Максим вздернул на лоб брови, улыбнулся и сказал:
— С условием, что за ликер для всех троих заплачу я.
— Ликер? — засомневалась лидерша. — Мы хотели выпить кофе со сливками и круассанами…
— Вы откажетесь от шартреза? — «ужаснулся» благодетель. — Ингредиенты для которого кропотливо собирали французские монахи? А потом выдерживали в дубовых бочках для получения божественного вкуса? Это невозможно!
— Ну, может быть совсем немножко, — уступила девушка.
— С кофе его помногу и не пьют, — успокоил былой завсегдатай кафе.
— Тогда прошу идти за мной. Но предварительно скажите мне ваши имена: вдруг швейцар что-то заподозрит и их у меня спросит?
— Меня зовут Лиза, — сказала миловидная, — а мою подругу Катя. А как ваше имя? Вдруг его спросят у нас?
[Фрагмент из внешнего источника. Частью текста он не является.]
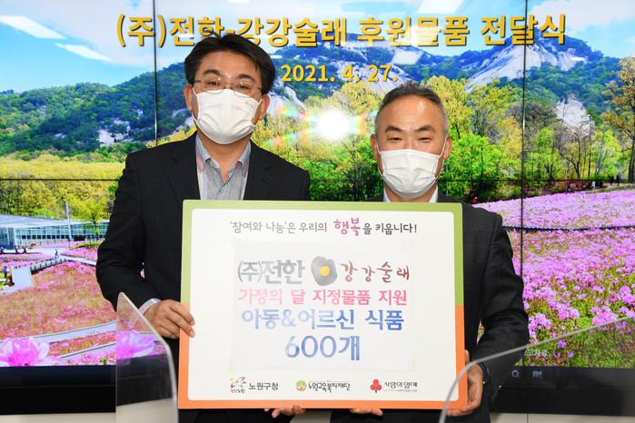 서울 노원구는 27일 (주)전한·강강술래로부터 가정의 달을 간편식세트 노인용(소불고기·곤드레밥·한우된장찌개) 300개와 아동용(돼지양념구이·김치볶음밥·소고기무국) 300개를 전달받았다. 사진은 전달식에서 오승록 구청장(왼쪽)과 관계자가 기념촬영을 하는 모습. (사진제공=노원구청)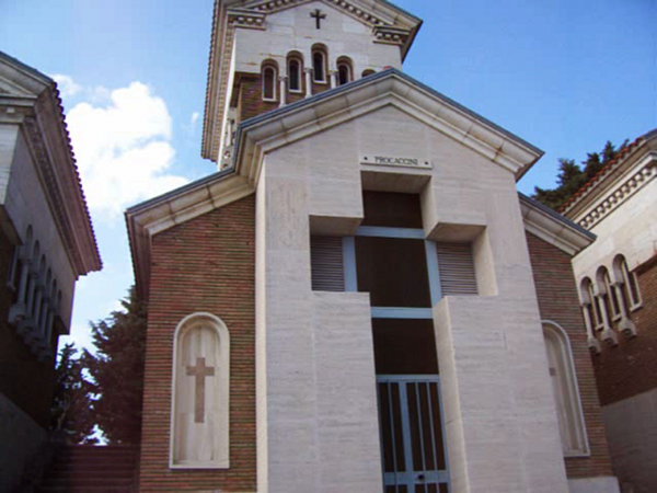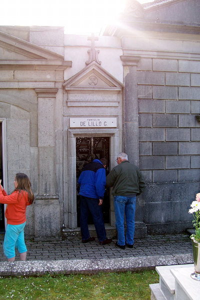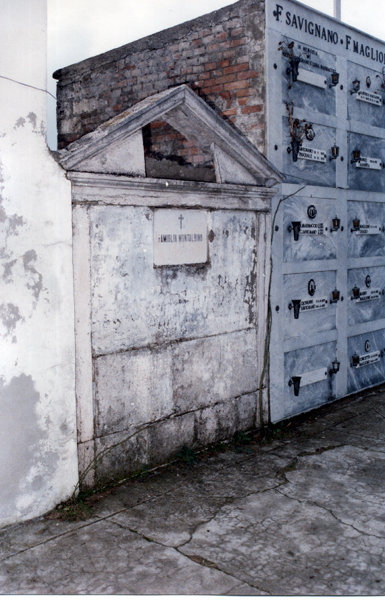 The first photo was taken in 1985 and shows the Montalbino crypt with the name engraved. By 1987, when we visited, this crypt had been sold by our cousin and that end of the cemetery remodeled. The name was moved inside and placed on the wall over a grate that opened to the room underneath. This room contained three metal boxes that contained the remains of Nazareno, Francesca and Seletta. Louis died in Savignano in 1922 and was buried there until he was moved to Brooklyn. The last picture is how it looked in 2007. Son Marc and I are standing by the door. There is no Montalbino sign inside. Somewhere I have pictures of the 1987 visit I will try and find.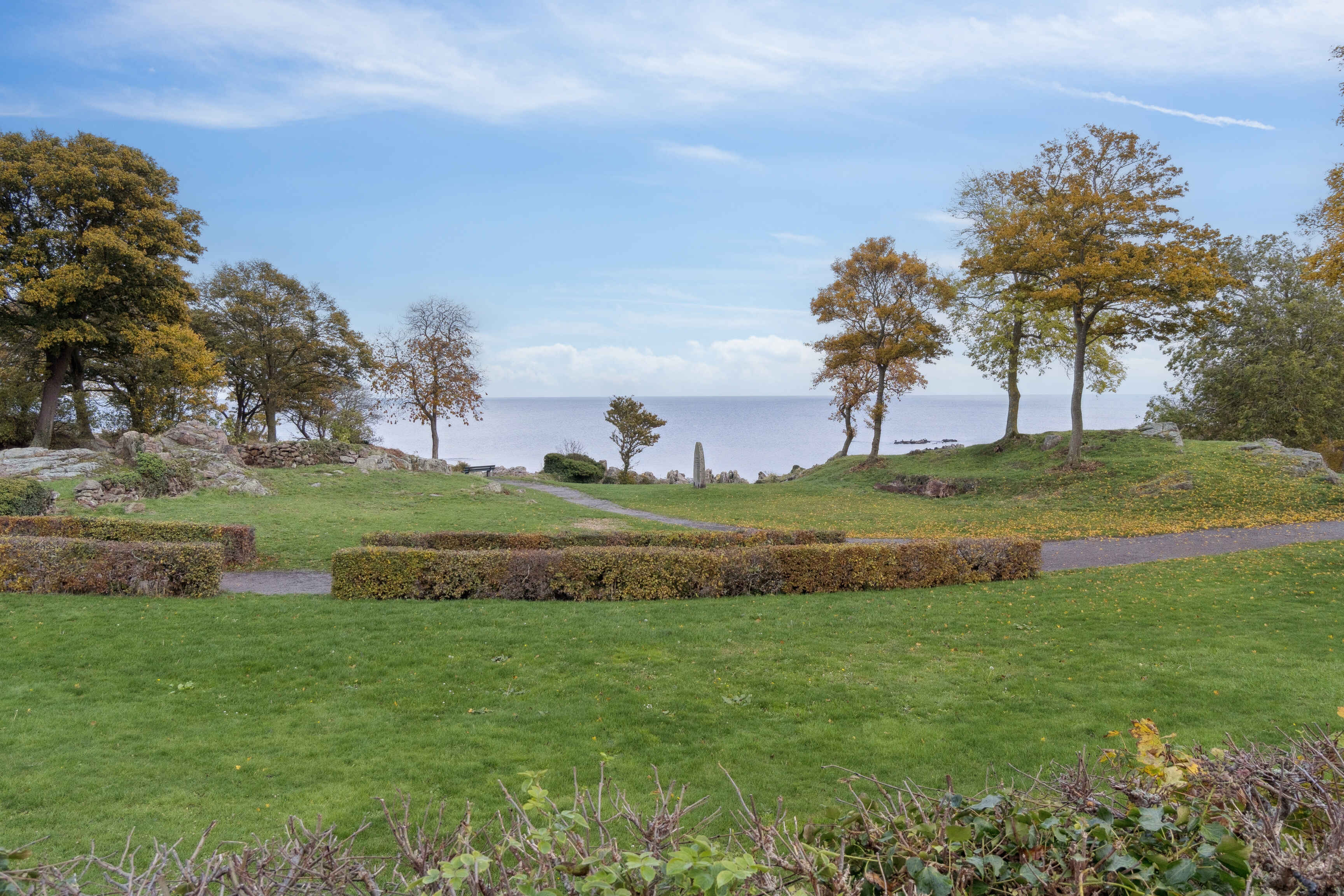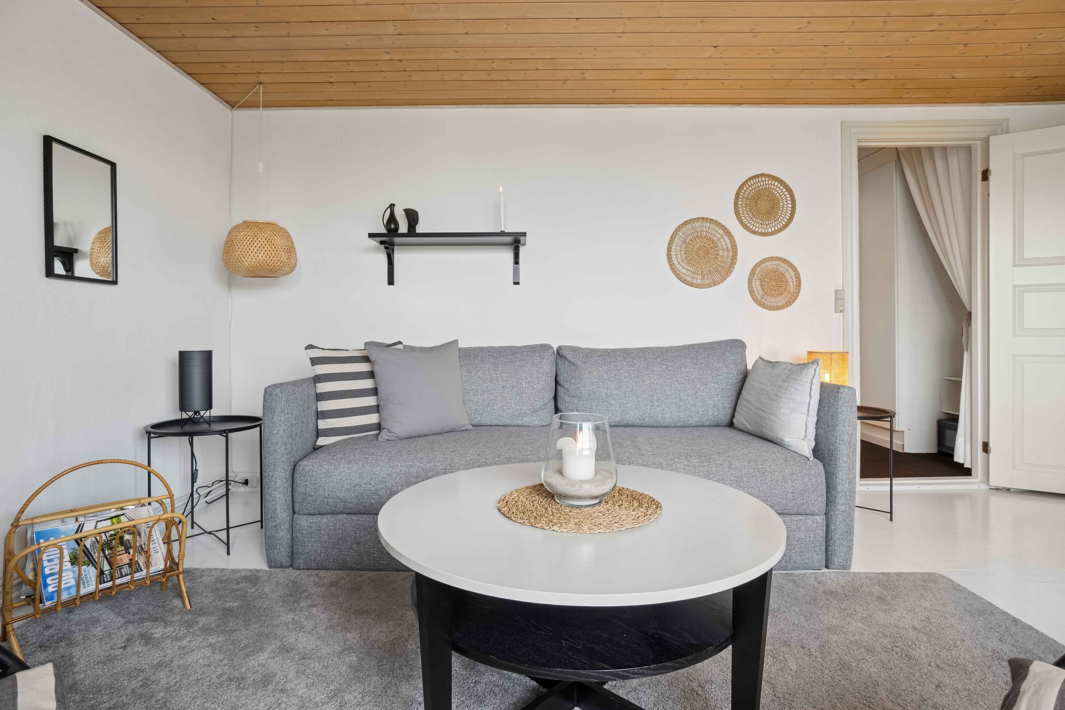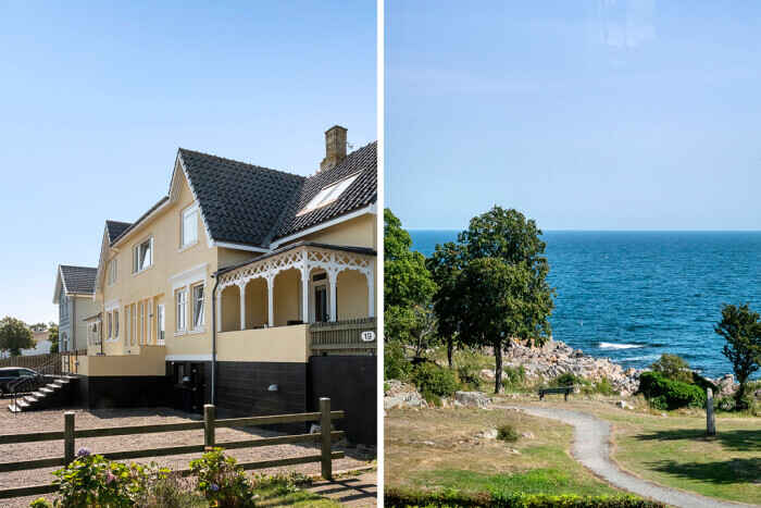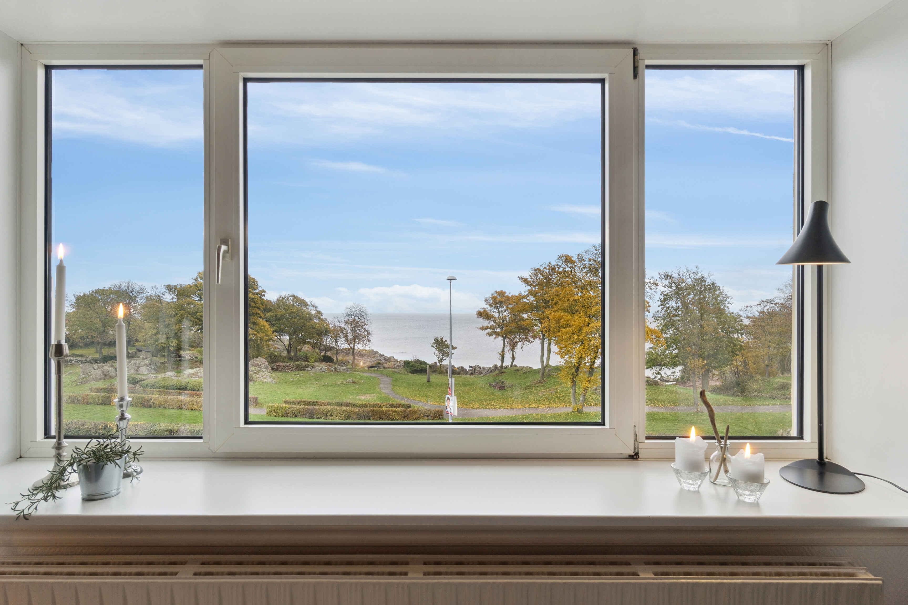 Fra stuen åbner udsigten sig mod parkanlægget ved Domen, hvor dagens rytme let følger lyset over havet. Afstanden til vandet er blot 150 meter, hvilket giver oplagte muligheder for en morgendukkert eller en stille aftentur langs kysten.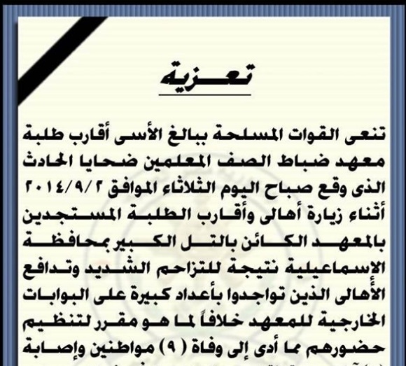 نعت القوات المسلحة ببالغ الأسى أقارب طلبة معهد ضباط الصف المعلمين ضحايا الحادث الذى وقع، صباح اليوم الثلاثاء، أثناء زيارة أهالي وأقارب الطلبة المستجدين بالمعهد الكائن بالتل الكبير بمحافظة الإسماعيلية نتيجة التزاحم الشديد وتدافع الأهالي الذين تواجدوا بأعداد كبيرة على البوابات الخارجية للمعهد  خلافا لما هو مقرر لتنظيم حضورهم ما أدى إلى وفاة 9 مواطنين وإصابة 5 آخرين تم نقلهم الى المستشفيات وجارى متابعة حالات المصابين الصحية .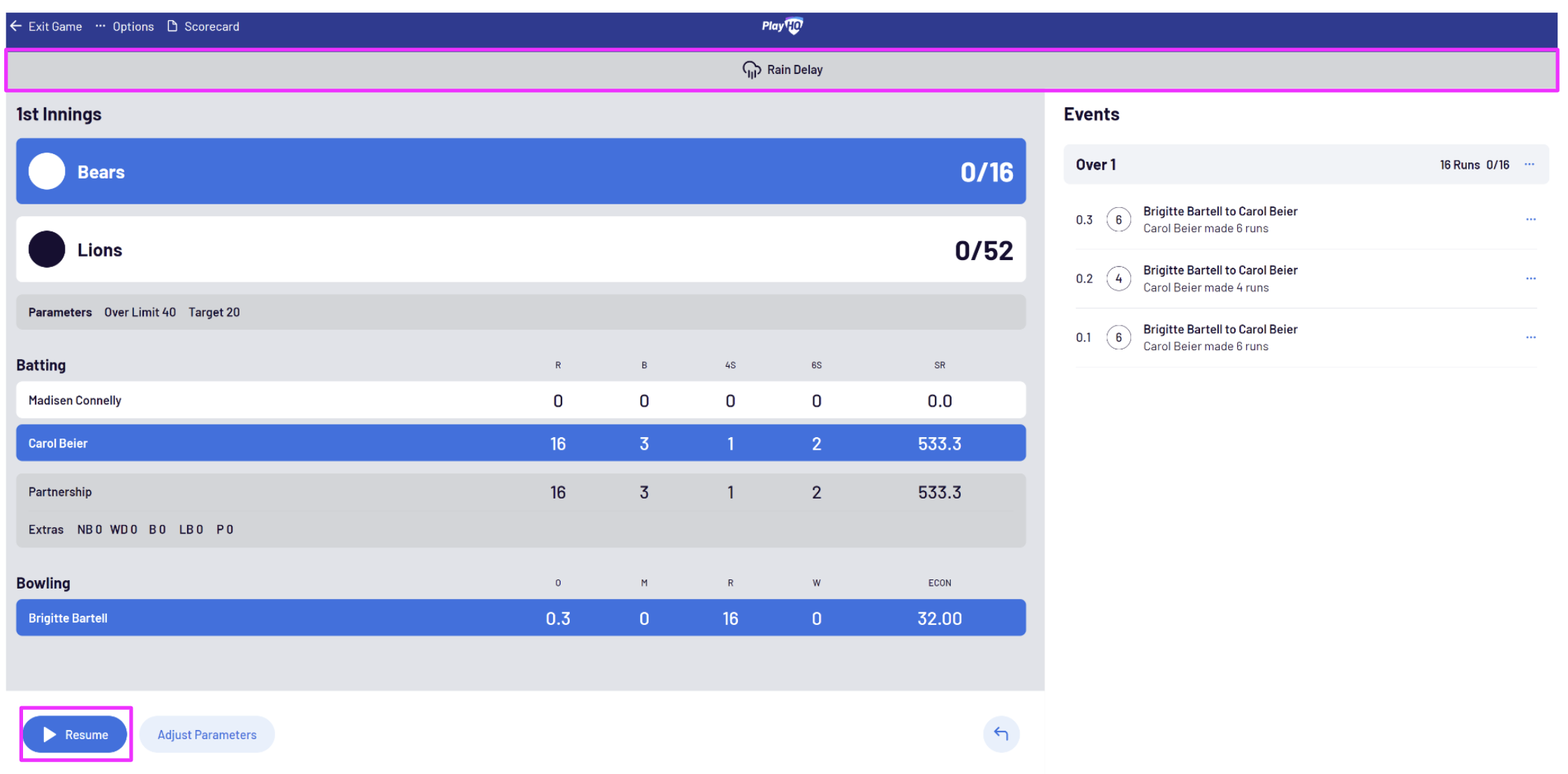 To resume from a break, select Resume, and the scoresheet will revert back to normal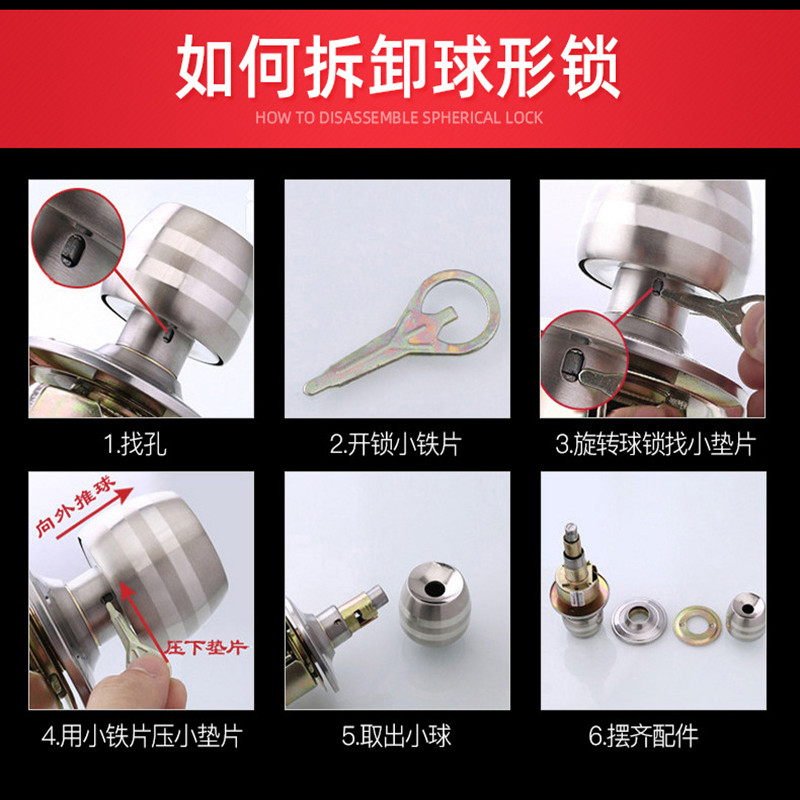 587PC Ball lock steel light stainless steel ball lock indoor door lock bathroom lock room door exterior door lock ball lock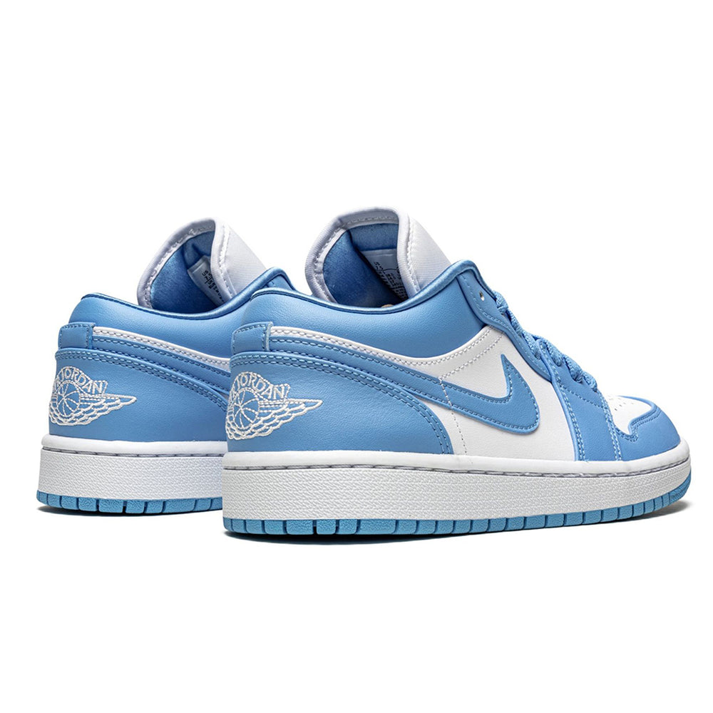 Nízké tenisky Air Jordan 1 Low UNC (W) na svém svršku kombinují modrou a bílou barvu. Sneakers Air Jordan 1 Low byly původně představeny v roce 1985 jako nízka variace ikonického vysokého modelu Air Jordan 1 High.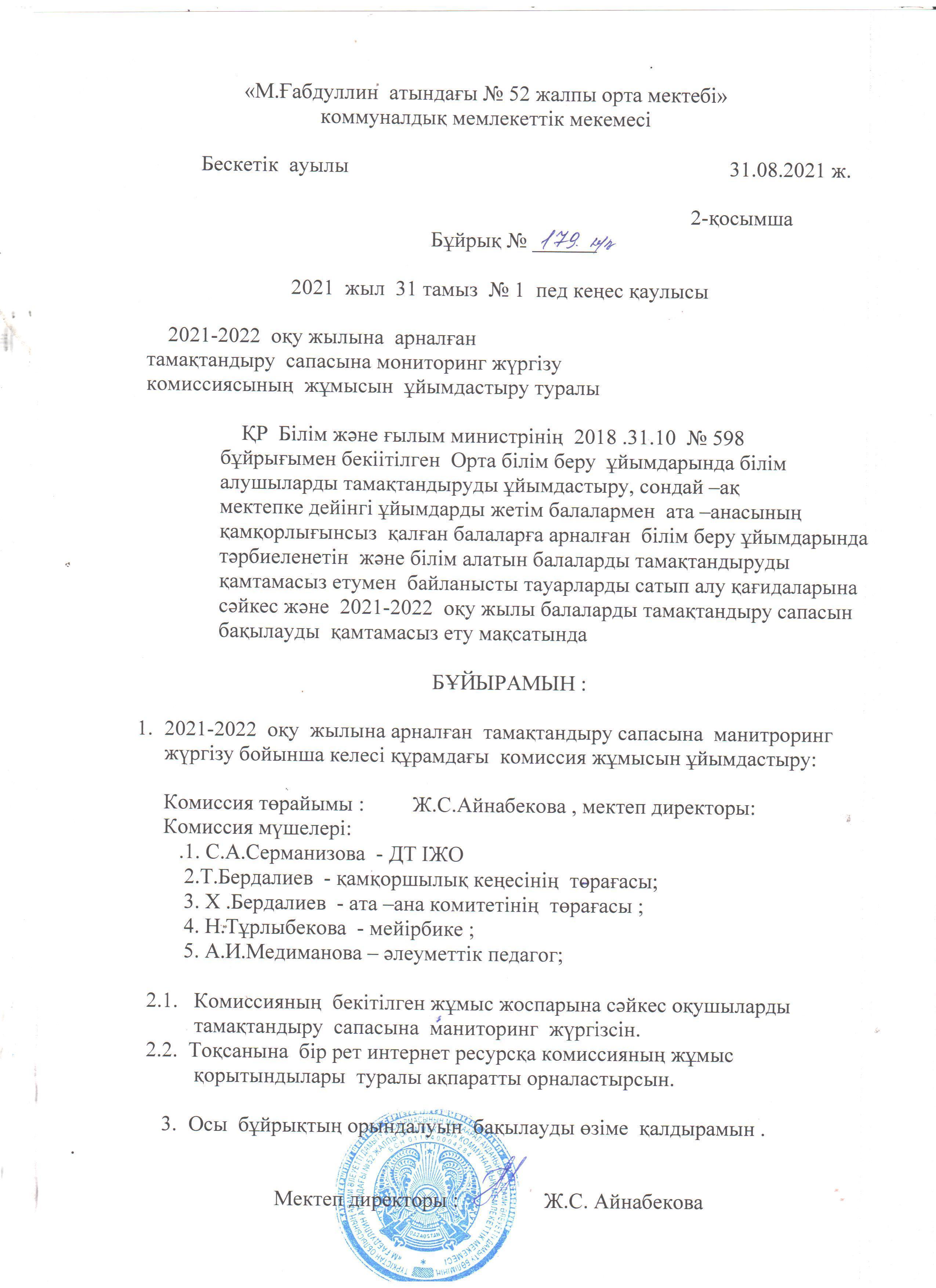 Қабылдау бөлімі :

— Максим Городецкий, — сказал попаданец с поклоном. — Дворянин, но почти без крепостных.
Швейцар на входе тоже был человек бывалый и, хоть словесно не препятствовал входу троицы, но фактически дорогу перекрыл.
Городецкий сунул пальцы в жилетный карман, достал полтинник и сунул швейцару в тотчас раскрытый кулак. И на смену тому явился метрдотель. К его чести, он провел посетителей внутрь кафе без слов, усадил за треугольный столик, покрытый белой скатертью, и отдал в руки кельнера. Этот малый залопотал сначала по-французски, но после слов Городецкого «мы русские, милый» поправился и предложил посмотреть меню — на французском все-таки языке. Макс просмотрел его, слова «chartrez» не нашел, но обнаружил «Curacao» и заказал стоящему рядом кельнеру 100 грамм ликера плюс три чашки кофе, но без сливок.
— Мы хотим со сливками… — умоляюще попросила Лиза.
— Будут вам и сливки и круассаны, но вторым эшелоном, — поднял руки бывалец. — Одно с другим смешивать не можно. А пока мы ждем заказ я хочу вас переименовать, Лиза. Дело в том, что у меня есть знакомая девушка с таким именем. Но так ведь можно запутаться! Позвольте я буду звать вас для себя Элиз? На французский манер?
— А кто только что сказал, что мы — русские? — запротестовала Лиза, но все же с улыбкой.
— В пылу полемики чего только не скажешь, — еще шире улыбнулся Максим, — чтобы пригвоздить оппонента. А вот и он, шустрый наш…
Открыв графинчик с оранжевым ликером, он разлил его по рюмкам, попробовал из своей на вкус и сказал:
— Натуральный, апельсиновый…
Потом попробовал кофе и тоже удовлетворился:
— Горячий и крепкий, то, что надо…
После чего взял в одну руку рюмку, в другую чашку и стал учить девушек смаковать то и другое.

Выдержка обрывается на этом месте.